Wednesday, September 04, 2013

The Pleasures of Anglophilia

When I was in high school (several millenia ago), a cute exchange student appeared one fall. Her name was Penelope and she was English with blond straight hair, green eyes and a fantastic figure. She dressed modestly, unlike most of her classmates who were typical Harvard Square hooligans. I, for example, commonly wore black jeans, engineer boots, black turtleneck and a blue Oxford cloth button-down shirt. The engineer boots were my personal modification to the intellectual thug uniform.

At that time, Rindge Technical School was across a small park from Cambridge High and Latin. Sitting in the middle of the park was the Cambridge Public Library. Although the true thugs from Rindge (things are often black and white to teenagers) we CHLS students rarely ventured past the library into terra incognita.

One day I approached a small hormone addled mob of boys in this park. A horde of hesitantly hovering bees humming around the flower that was Penny. The difference between them and me was that I was meeting her there to take her for a walk. Desperately trying to look cool and unconcerned the boys chatted to each other about how they did in the swim meet, or the riot in the lunch room last week.

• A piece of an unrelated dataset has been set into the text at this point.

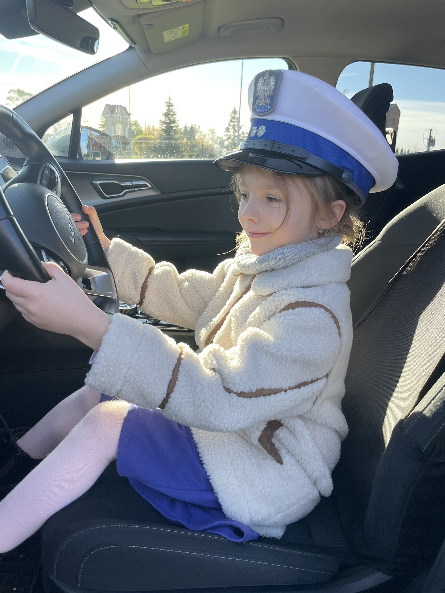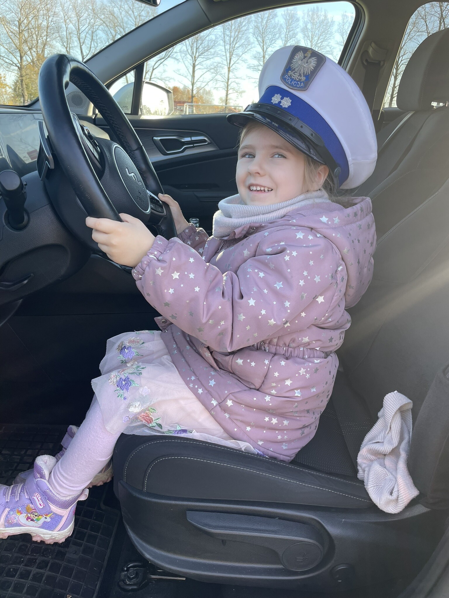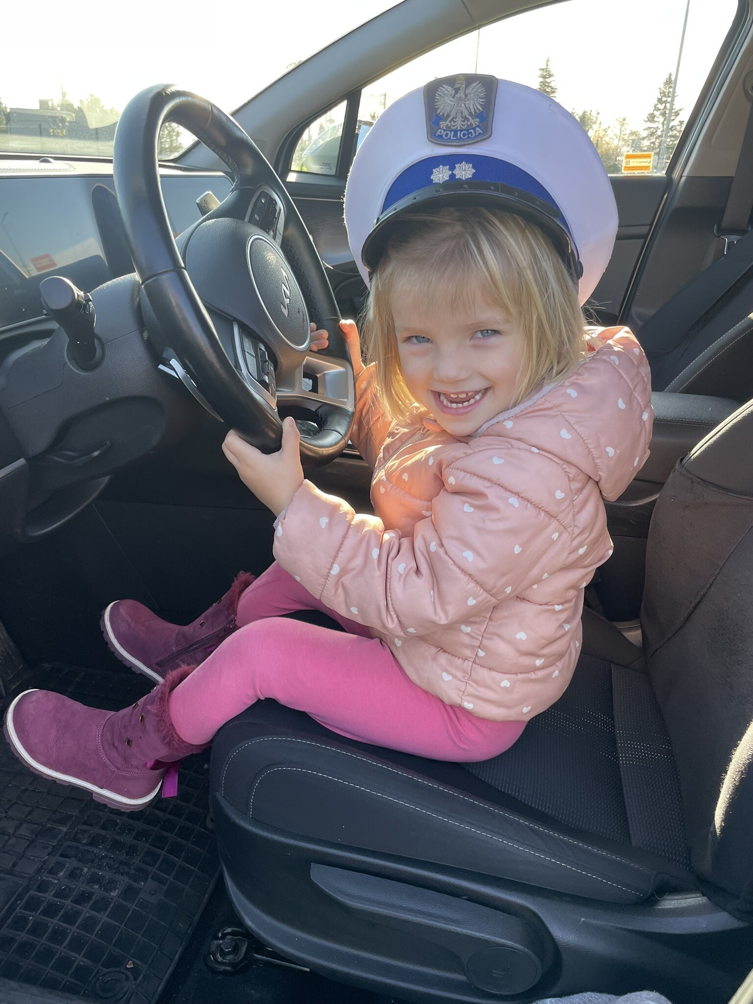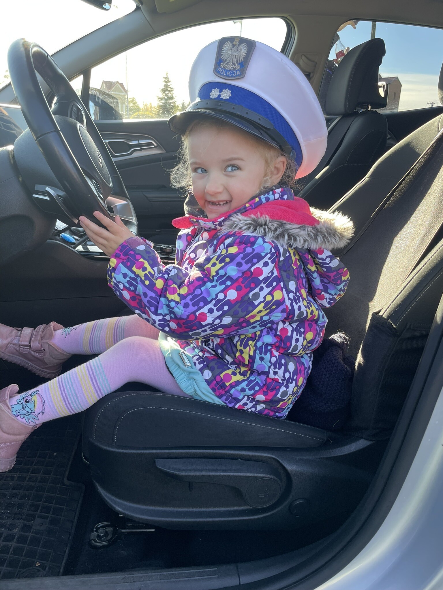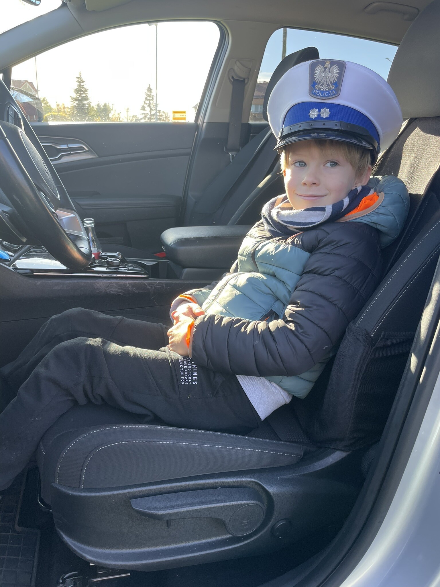 Tym razem, dzięki wspaniałej pogodzie, dzieci mogły spotkać się z naszym gościem na naszym terenie rekreacyjnym. Przedszkolaki z uwagą wysłuchały przypomnień o bezpiecznym przechodzeniu przez jezdnię, prawidłowym wyposażeniu podczas jazdy rowerem, czy na hulajnodze. Nauczyciel miał okazję założyć i sprawdzić jak działają alkogogle - specjalne okulary, które uświadamiają użytkownikom, jak alkohol wpływa na ocenę odległości, koordynację ruchową oraz zniekształcenie obrazu. Spotkanie przybliżyło dzieciom pracę policjanta, poznały akcesoria, których używa, a przede wszystkim dzieci odczuły, że ,,Policjant to przyjaciel dzieci".

I stood back a little waiting and admiring how her yellow dress, which was far too frilly for the current styles, set off her hair and eyes. Penny noticed me just as one poor guy, in a desperate bid to attract attention through sympathy, started to complain about the unfair marking of the last history test. He got a response from Penny, but not what he was expecting. After listening to him moan and groan for a minute or two she said offhandedly,

"Oh for God's sake. Keep your pecker up."

The sudden silence was amazing, as was the rising blush on the faces of the other boys as they slithered off in disbelief.

"What did I say?" she asked me. An anglophile even then, I knew what that what she'd said was "keep a stiff upper lip" or as some would say these days "man-up". I very diplomatically hinted at possible other interpretations. She laughed.

"What a bunch of wankers," she said.

I agreed, and we walked down to the Charles River to ... ummm ... discuss it in more detail.